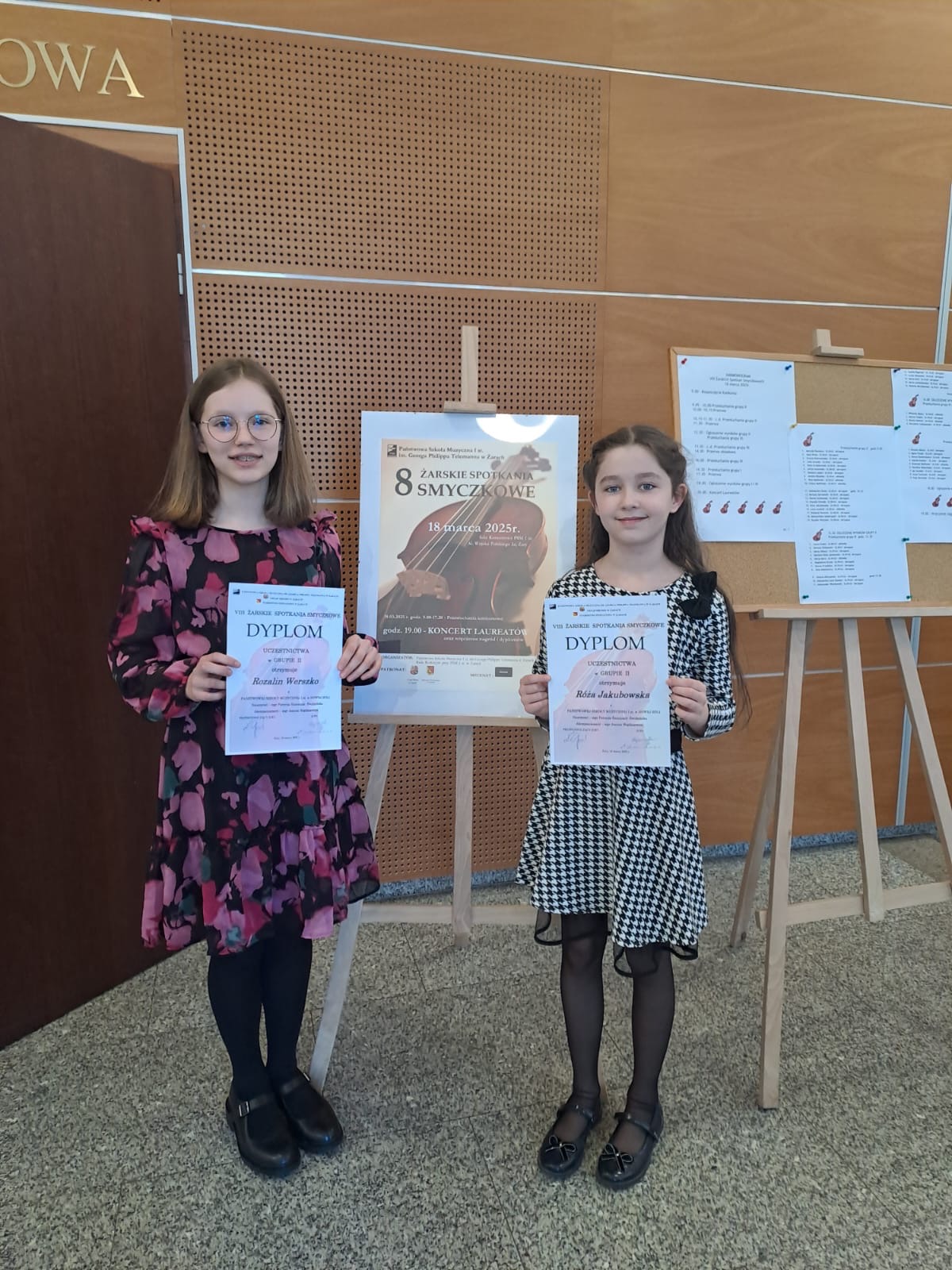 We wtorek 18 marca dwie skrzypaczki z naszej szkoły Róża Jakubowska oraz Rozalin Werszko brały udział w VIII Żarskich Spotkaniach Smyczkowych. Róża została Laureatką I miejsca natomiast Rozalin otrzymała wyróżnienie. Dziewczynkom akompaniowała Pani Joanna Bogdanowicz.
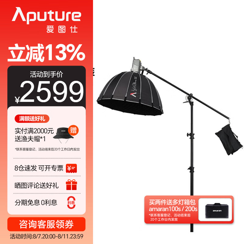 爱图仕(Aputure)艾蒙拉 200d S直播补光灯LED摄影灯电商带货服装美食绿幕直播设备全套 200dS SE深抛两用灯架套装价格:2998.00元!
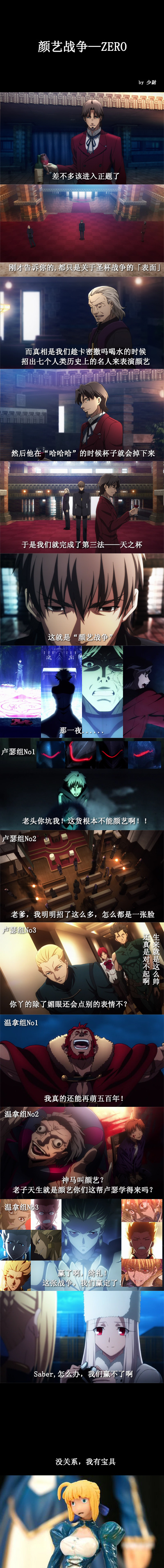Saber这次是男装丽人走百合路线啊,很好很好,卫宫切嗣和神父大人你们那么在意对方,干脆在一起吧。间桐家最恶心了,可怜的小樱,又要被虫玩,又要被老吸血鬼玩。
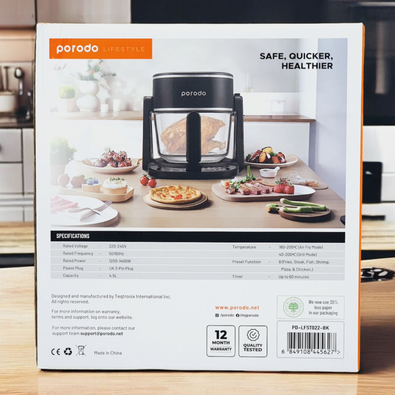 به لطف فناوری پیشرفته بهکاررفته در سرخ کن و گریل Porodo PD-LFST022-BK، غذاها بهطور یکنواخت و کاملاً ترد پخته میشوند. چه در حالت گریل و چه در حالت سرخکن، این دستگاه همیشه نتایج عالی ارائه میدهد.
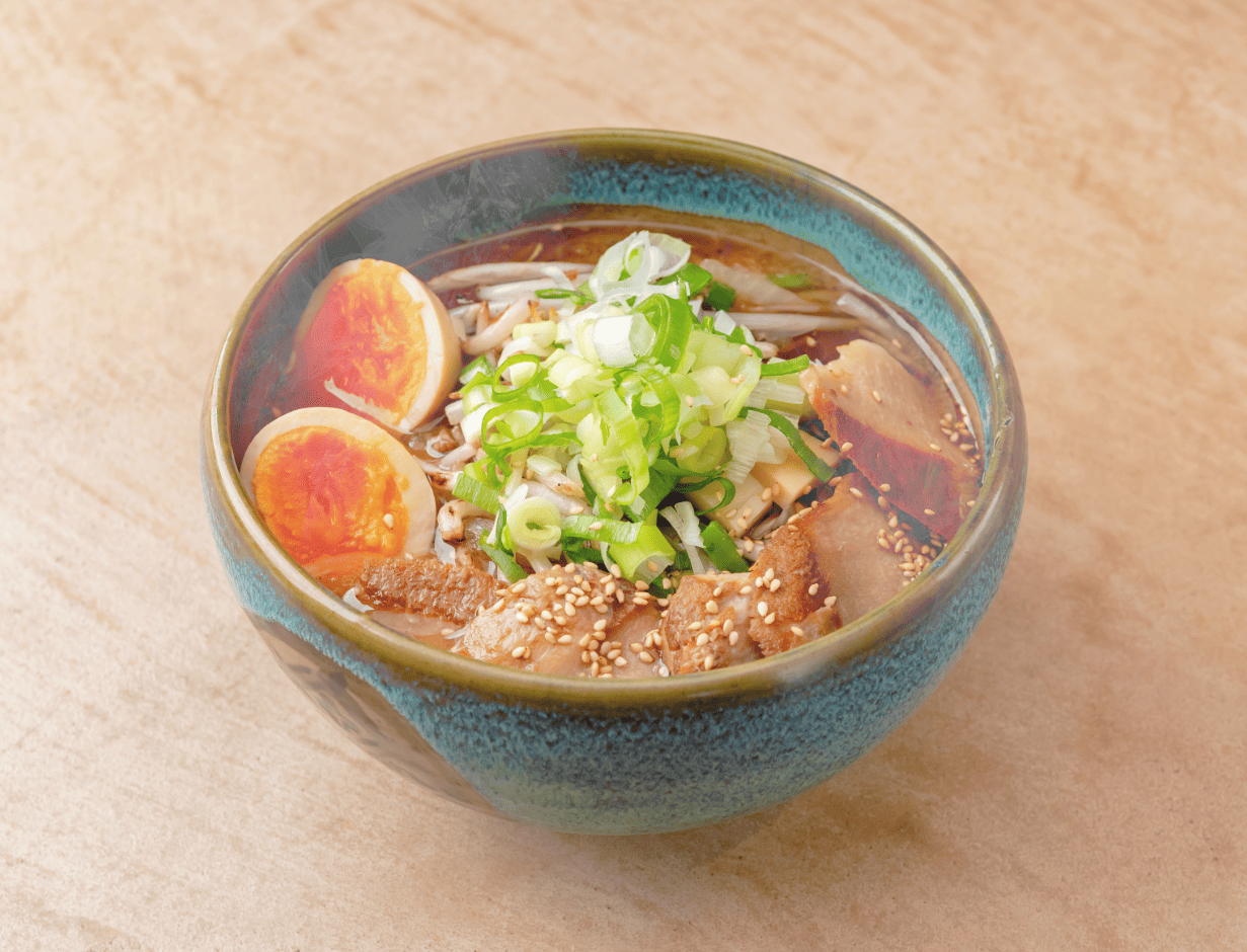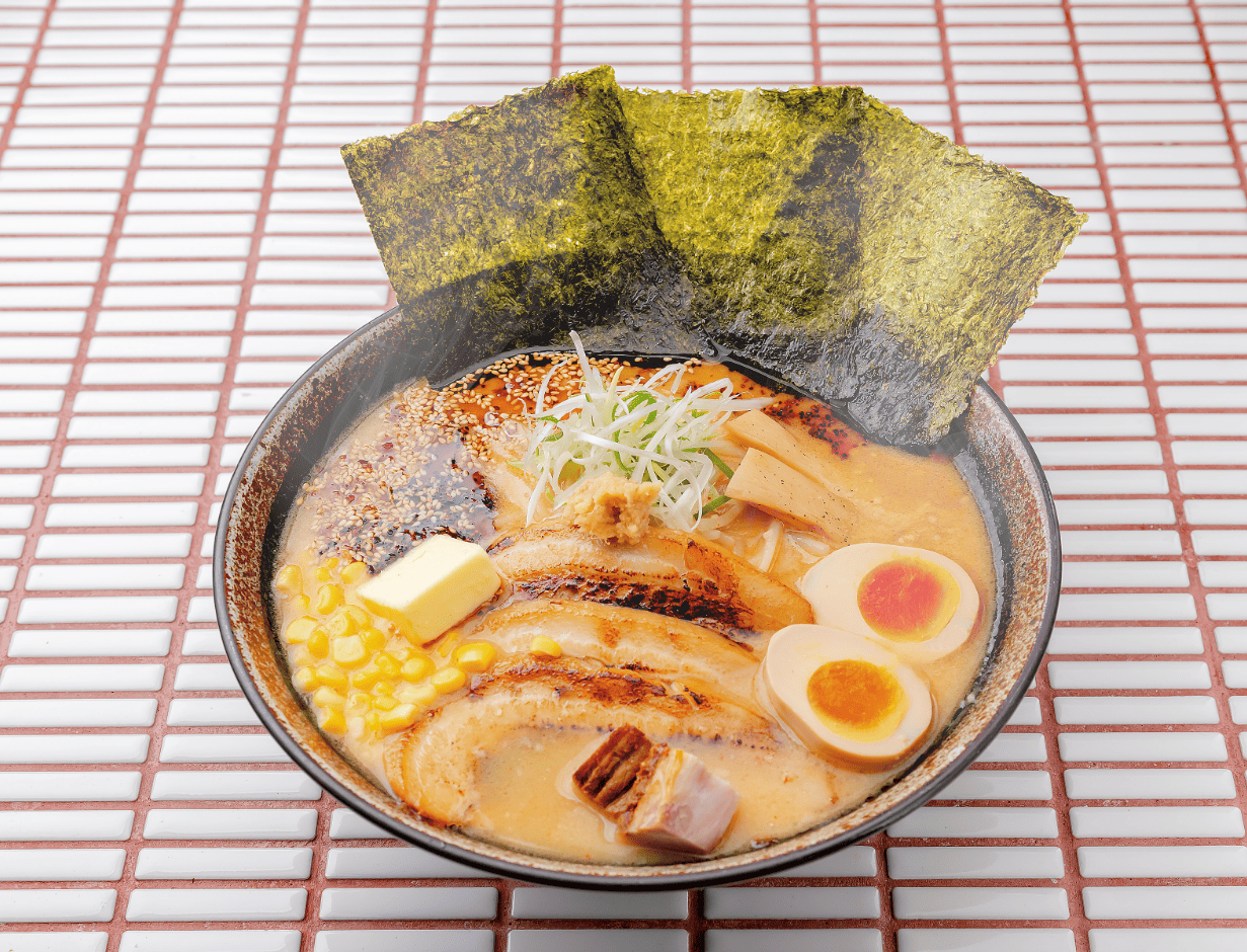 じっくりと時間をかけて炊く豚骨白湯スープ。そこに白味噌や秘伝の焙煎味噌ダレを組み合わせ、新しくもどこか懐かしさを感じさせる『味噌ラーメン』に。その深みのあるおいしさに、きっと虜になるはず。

- - - -

**Aim of the task:** Where an entry includes a picture, drop it, and print the rest of the material word for word.

**Task solution:**
 We wtorek 18 marca dwie skrzypaczki z naszej szkoły Róża Jakubowska oraz Rozalin Werszko brały udział w VIII Żarskich Spotkaniach Smyczkowych. Róża została Laureatką I miejsca natomiast Rozalin otrzymała wyróżnienie. Dziewczynkom akompaniowała Pani Joanna Bogdanowicz.
 爱图仕(Aputure)艾蒙拉 200d S直播补光灯LED摄影灯电商带货服装美食绿幕直播设备全套 200dS SE深抛两用灯架套装价格:2998.00元!
Saber这次是男装丽人走百合路线啊,很好很好,卫宫切嗣和神父大人你们那么在意对方,干脆在一起吧。间桐家最恶心了,可怜的小樱,又要被虫玩,又要被老吸血鬼玩。
 به لطف فناوری پیشرفته بهکاررفته در سرخ کن و گریل Porodo PD-LFST022-BK، غذاها بهطور یکنواخت و کاملاً ترد پخته میشوند. چه در حالت گریل و چه در حالت سرخکن، این دستگاه همیشه نتایج عالی ارائه میدهد.
 じっくりと時間をかけて炊く豚骨白湯スープ。そこに白味噌や秘伝の焙煎味噌ダレを組み合わせ、新しくもどこか懐かしさを感じさせる『味噌ラーメン』に。その深みのあるおいしさに、きっと虜になるはず。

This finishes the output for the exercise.